Don't call him Ron Artest anymore.

One of America's most eccentric athletes is now formally named Metta World Peace after he officially changed his name in Los Angeles on Friday.

The Lakers' small forward said the name change was made with the intention of being inspirational and was a creative marketing move.

At first I wanted it to be 'One Love,' said World Peace, but he decided against it because people suggested that it was corny.

World Peace said the motive to change his name came from Chad Ochocinco, who was given the name Chad Johnson at birth.

The word metta has a broad meaning of goodwill and non-violence and is Pali, a language of the Indian subcontinent, and from Buddhist scripture.

World Peace has stated that he is not a Buddhist, and has not expressed an interest in converting to the religion.

A name change is far from the only eccentric thing World Peace has done. After the dark moment of his career when he charged the stands in a brawl with fans in Detroit, and along with when he confessed to drinking Cognac at halftime of games, and the numerous physical altercations he had in his career, World Peace has been a reformed athlete. Many of the incidents involving World Peace off the court have been playfully odd.

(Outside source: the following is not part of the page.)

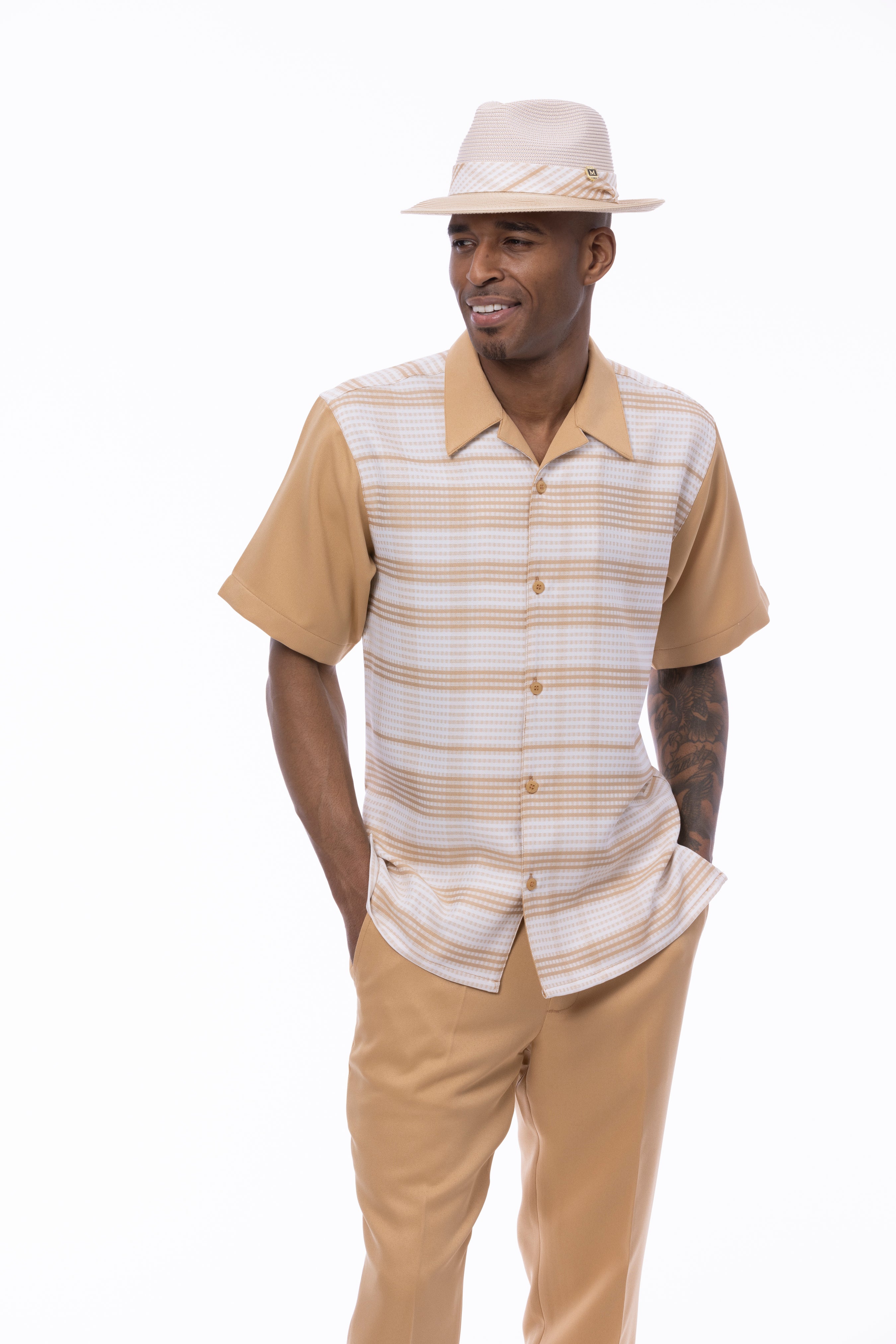 Men's walking suits are coordinated 2-piece leisure sets - a matching shirt and pants designed for comfort and a sharp, put-together look. We carry styles from Montique, Stacy Adams and other top menswear brands, curated for fit, color coordination, and everyday wearability.

While under a multi-million-dollar contract with an NBA team, World Peace went into an electronics department store to apply for a job so he could receive discounts. He was cited for driving around Los Angeles in an Indy car that was not registered in his name.

After the Lakers won an NBA title in 2010, World Peace didn't take off his jersey for several days.

There are several others, but you probably get the drift.

The back of his Lakers' jersey will say World Peace above his No. 15.